Technology

National Football League To Use Tracking Devices

Football Teams Use GPS Tracking

The old saying is that nothing is more valuable than information, and this has certainly become the case in the sports world over the past couple decades. Game video tape, scouting reports and other forms of data are highly valued forms of information because they allow baseball hitters to pick up pitching patterns, basketball players to see where breakdowns in the offensive or defensive scheme occur and hockey players determine where a goalie can be most vulnerable to the slap shot. Of course, these are only a few examples of the many ways information can held a sports team, but you get the point. When it comes to utilizing technology, no sport has been more welcoming than the National Football League (NFL).

The NFL was the first of the three major American sports to call upon video instant replay to help officiating. Today, video replay is now used to confirm scoring drives, turnovers and a variety of in-game plays that referees could call incorrectly. The evolution of video replay is an ongoing process, as the NFL makes every attempt to get the calls on the field correctly.
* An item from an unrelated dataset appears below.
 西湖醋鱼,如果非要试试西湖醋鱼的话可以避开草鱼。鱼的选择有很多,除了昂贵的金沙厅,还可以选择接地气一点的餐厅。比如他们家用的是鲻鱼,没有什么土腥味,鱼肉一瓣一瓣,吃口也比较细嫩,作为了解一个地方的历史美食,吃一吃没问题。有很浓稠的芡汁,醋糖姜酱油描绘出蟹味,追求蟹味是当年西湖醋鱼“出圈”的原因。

However, with more and more of the narrative of football surrounding player safety, the NFL has once again called upon technology to help them determine player activity in terms of positional and performance data. This data, which will gather player speed, distance traveled on the field and other information will be gathered using GPS tracking devices.

According to digital documents published on the NFL website, the league has mandated that all teams will be required to equip some players with small and non-obtrusive personal tracking systems. The GPS trackers will be the mechanism used to acquire player performance data while the Competition Committee for the league will discuss the most appropriate method on how the data will be analyzed, evaluated and distributed to each one of the 32 organizations that make up the league. The league stated in the August memo that the GPS tracking data gathered from the trackers would not be immediately shared with each football team until that process by the Competition Committee is concluded.
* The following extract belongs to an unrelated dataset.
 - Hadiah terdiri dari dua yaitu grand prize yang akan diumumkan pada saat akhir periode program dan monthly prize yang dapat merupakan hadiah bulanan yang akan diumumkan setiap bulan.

One team that saw early on the advantages of using GPS tracker devices is a team from the AFC East. The Buffalo Bills have been using GPS tracking systems to gather data on player performance  for roughly a year and thus far players have responded well to the satellite technology. One player who was particularly impressed with the tracking devices was C.J. Spiller, a running back expected to be the focal point of the offense this season. Spiller explained to a reporter for his team’s website that the GPS trackers reported distance covered, running speed and explosiveness.

When discussing GPS tracking systems Spiller stated,”[They are] good devices to have.”